First we have to understand the terms healthy and sex.
When teach my undergraduate-level course on Human Sexuality, I ask the students to anonymously write any question they want answered on a slip of paper. I tell them that, over the course, of the semester, I will try to answer all their questions.
A common question I receive is: “How many times a week is it healthy to have sex?” The answer depends on how one interprets the words “healthy” and “sex.”
By “healthy”does the person asking the question mean “normal”? Alternatively, perhaps the question concerns how many times a week one needs to have sex to reap the health benefits. On the flip side, maybe the concern underlying the question is how much is too much sex. Is there an unhealthy amount?
And what is meant by the term “sex?” In our culture, the term sex is often used synonymously with heterosexual penile-vaginal intercourse, a cultural problem that I do a deep dive into (pun intended) in my new book, Becoming Cliterate—pointing out, for example, how such language privileges both heterosexual sex and male sexual pleasure, and how it both reflects and perpetuates the gendered orgasm gap between women and men.
Nevertheless, to answer this particular question, I tell my class that I am going to make the flawed assumption that the writer is defining sex the way our culture does, as heterosexual penile-vaginal intercourse. So, here’s my answer.
First the statistics—the average based on surveys. In 2010, the largest nationally representative study on this (and other sexual topics) ever conducted (National Survey of Health and Health Related Behaviors) reported the following. When asked about the last year, among those in the 18 – 24 year old range:
11.8% of women and 4.2% of men had not had intercourse
14.7% of women and
12.5% of men had intercourse a few times a year to monthly
14.7% of women and 16.7% of men had intercourse a few times each month to weekly
35.3% of women and 45.8% of men had intercourese 2 – 3 times per week
23.5% of women and 20.8% of men has intercourse 4+ times per week
In other age ranges, these numbers were quite different. As just one example, in the 50 – 59 year old range, 1.1% of women and 1.1% of men had intercourse 4+ times per week. As you can see, there is quite a variety in how many times a week people have intercourse, and this varies by age and gender. There is no “normal” amount—just a percentage that gets the highest endorsement by age and gender.

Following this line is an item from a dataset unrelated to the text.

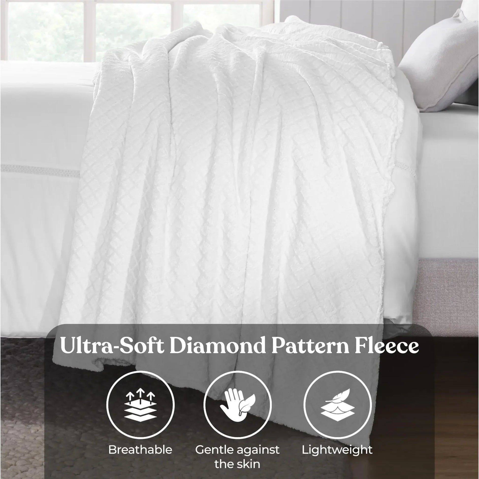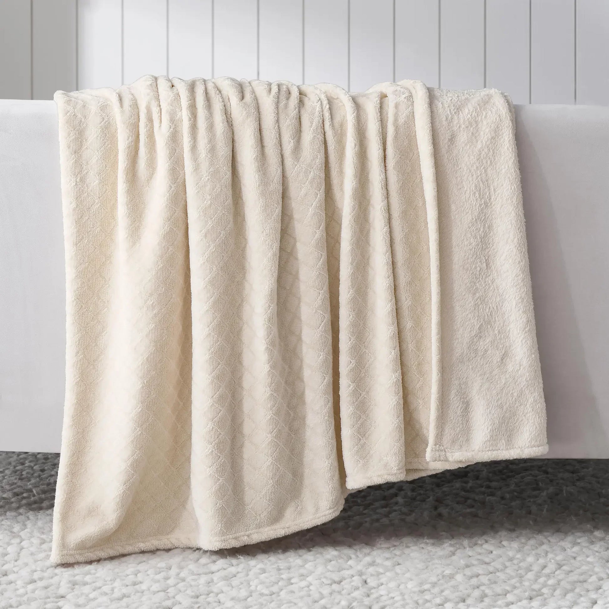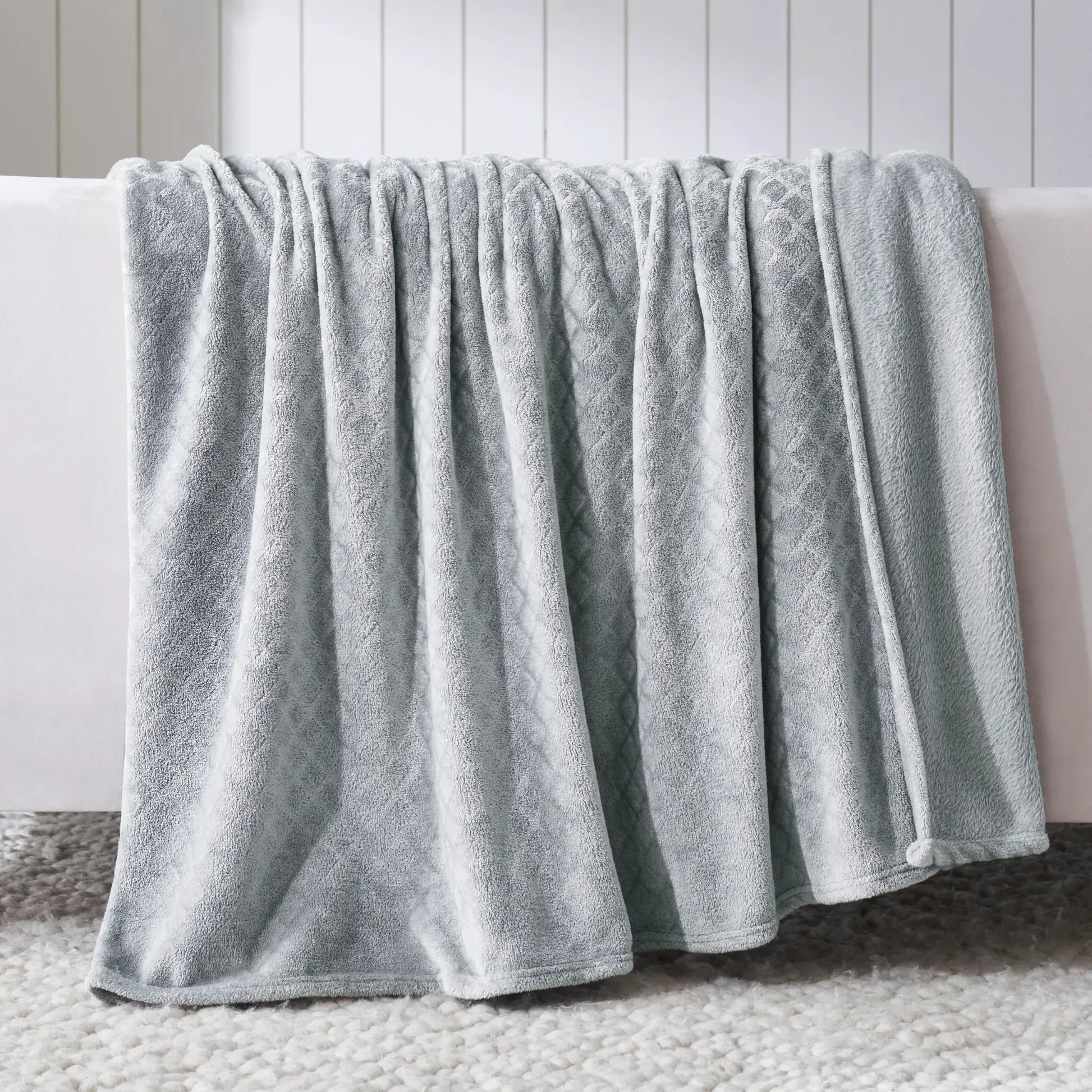 Experience the ultimate comfort with our Alaska Diamond flannel fleece blanket. Crafted from incredibly soft and ultra-plush fibers, this warm fluffy blanket is perfect for year-round use. The beautifully embossed diamond pattern adds a touch of modern elegance and rich texture to any space, while the perfect medium weight provides a luxuriously soft feel.

Perhaps, however, the student asking this question didn’t want to know about the amount of intercourse that was “normal” or average. Maybe the inquiry pertained to how much intercourseI (and other sexual activity) a person has to have to reap the many health benefits of sex, something I devote an entire chapter to in my book, A Tired Woman’s Guide to Passionate Sex. An excellent “White Paper” published by Planned Parenthood and the Society for the Scientific Study of Sexuality, also summarizes these studies, including one that could shed some light on this potential question. A study of over a hundred college students found that those who had sexual intercourse once or twice a week had 30% higher levels of immunoglobulin A (IgA) than either those who were abstinent or those that had intercourse more often than twice a week. Since IgA is essential to the body’s immune response it seems that, at least according to this one small study, college students who want to reap the immune functioning benefits of intercourse should engage in the act once or twice a week.
But, wait. Maybe the student wanted to know about if a certain amount of intercourse was dangerous or unhealthy. Again, I told the students that there wasn’t a magic number, but that most therapists would say that if seeking out or having sexual activity starts interfering with daily activities (e.g., missing work, classes) then it’s a problem. Also, as many women know, too much intercourse can also cause soreness or UTIs, and certainly, continuing to engage in intercourse when in pain or when you already have a bladder infection is not a healthy behavior.
Perhaps you, like my students, are noticing that I am not giving a definitive answer—not only because “sex” and “healthy” can have many meanings but because if by healthy one means normal, there’s another problem. That is, we Americans have an obsession with what is normal. In fact, sex educator and columnist Yvonne Fulbright writes, “I’ve been answering people’s questions about sex and relationships for years, with the most popular question, by far: “Am I normal?” Another wise sex educator and therapist, Marty Klein, makes the same observation. In a profound essay, Klein labels this “Normality Anxiety” and tells readers to decide “that ‘normal’ is irrelevant” and to take control by deciding to “accept your sexuality on your own terms.”
So, what’s the most important answer to the common question of “how much sex is normal?” It’s to decide what amount is right for you.